Uncertainty has become the new normal. A bit over a decade ago Nokia shipped 80% of the telephones in the world, could manufacture at half the cost of its competition and yet competition came from outside the industry, was swift and brutal. Recently a Chief Economist responsible for well in excess of half a trillion dollars of investment, related his dilemma. “I know that 40% of the S&P companies will be gone in the next 10 or so years. Hence it matters less to us the short term performance of companies. What really matters is that whether they will be around at all in 10 years time. On that we want to put our money.” Whilst this might not be an appropriate investment philosophy for everyone, unless organisations have systems to see these shifts, they will become victims of it.
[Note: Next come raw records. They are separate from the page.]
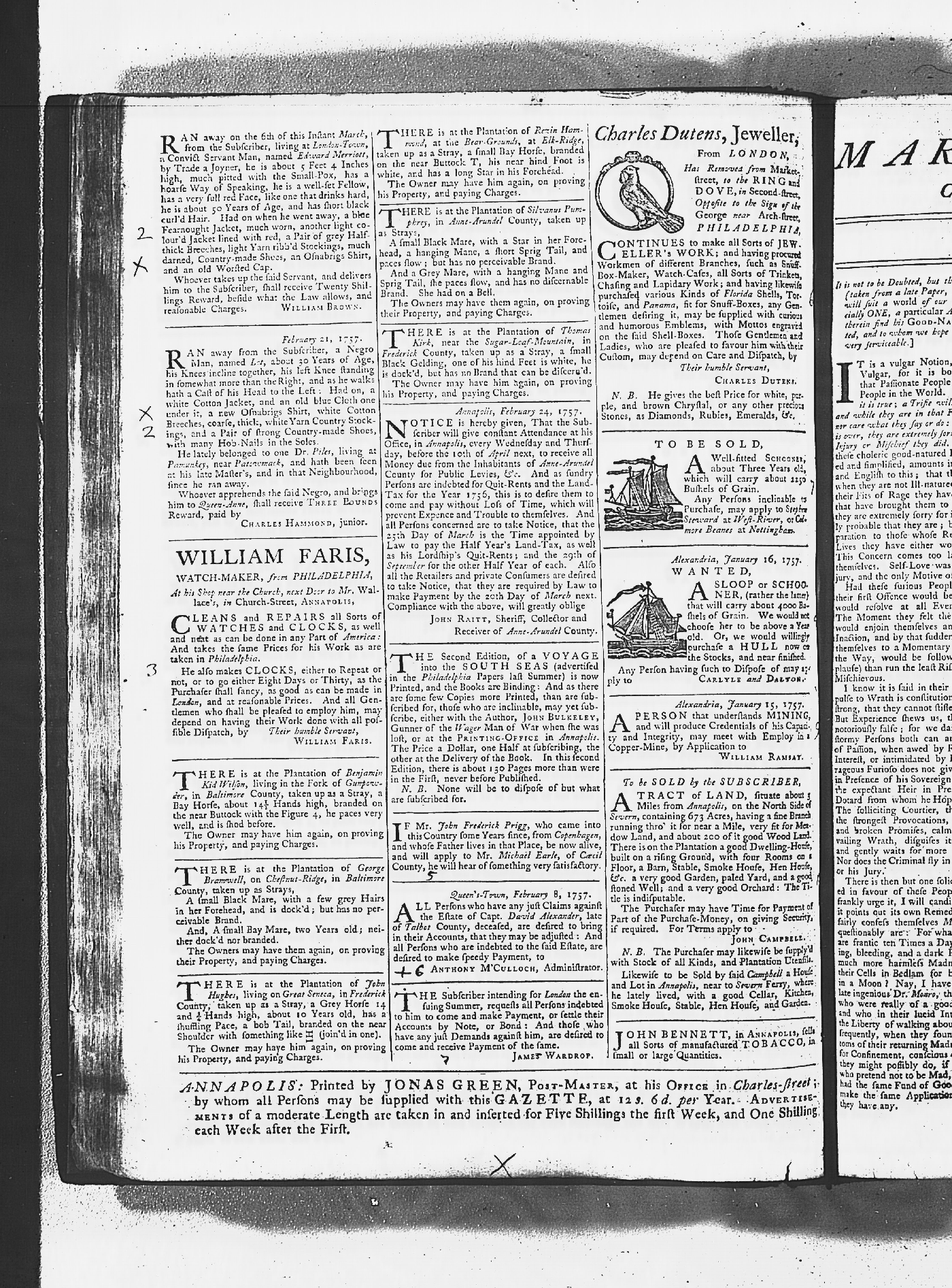 Maryland Gazette Collection MSA SC 2731 January 2, 1752 - October 19, 1758 M 1279 A Publication of the Archives of Maryland Online Image No: 1107 Enlarge and print image (3M) |
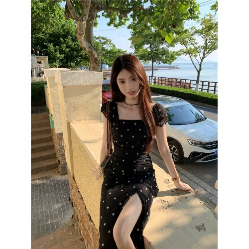 Women’s French Style Polka Dot Short Sleeve Summer Long Dress
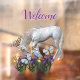 Mystical white unicorn surrounded by pretty butterflies and colourful flowers fantasy animal welcome design by Susan. Please visit my store at Smilin' Eyes Treasures to see more flower, animal, nature, and digital art design cards and gifts for home and office.
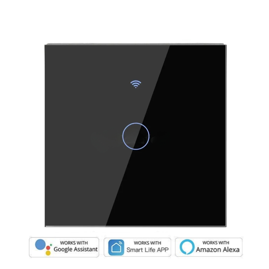 The WiFi Touch Switch Panel 1 Gang is designed to bring elegant and powerful lighting control into your home. This single-gang touch switch installs like a standard wall switch but adds app control, voice commands, scheduling, and a sleek black glass interface. If you’re upgrading your lighting system, this switch provides intelligent automation while keeping installation simple and safe.
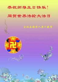 Tous les pratiquants chinois de Corée souhaitent à Maître un Joyeux Anniversaire ! Nous fêtons la Journée Mondiale du Falun Dafa !

In an interconnected world, being the biggest or the cheapest is no longer a guarantee for sustained success. We spend our time focused on the known, but fail to anticipate the unexpected. Off-radar risks are the most dangerous, as the organisation is wholly unprepared for disruptive change, rapid technologic shifts, or the slow changes that build up to tipping points.
And yet it is inhuman to amass all the off radar/ long tail trends in the world. The world is complex not complicated. Uncertainty is interconnected, uncertainty is off-radar and uncertainty will eat your breakfast, lunch and dinner if you do not obsess over it. It is in the combination of human and machine intelligence that we address this problem. We call it IA- Intelligence Augmented.
Big data combined with advanced natural language processing allow us to map entire domains of knowledge. With these new maps we can see these hard to find off-radar edges. Early Learning Systems combine models of the future with the big data analytics to algorithmically gain edge insights into very large corpora of unstructured data.
Survival demands interacting with, not ignoring the environment. It demands a 21st Century process to recognise and act on these edge insights. In the words of Arie de Geus, former head of Shell Scenarios, it requires a “focus on learning faster”.
By producing Global Risk Radar Reports we provide a simple, visual AI generated overview of risks that face the asset allocation community. We enable pension funds to anticipate risk/opportunities rather than be victims of these changes.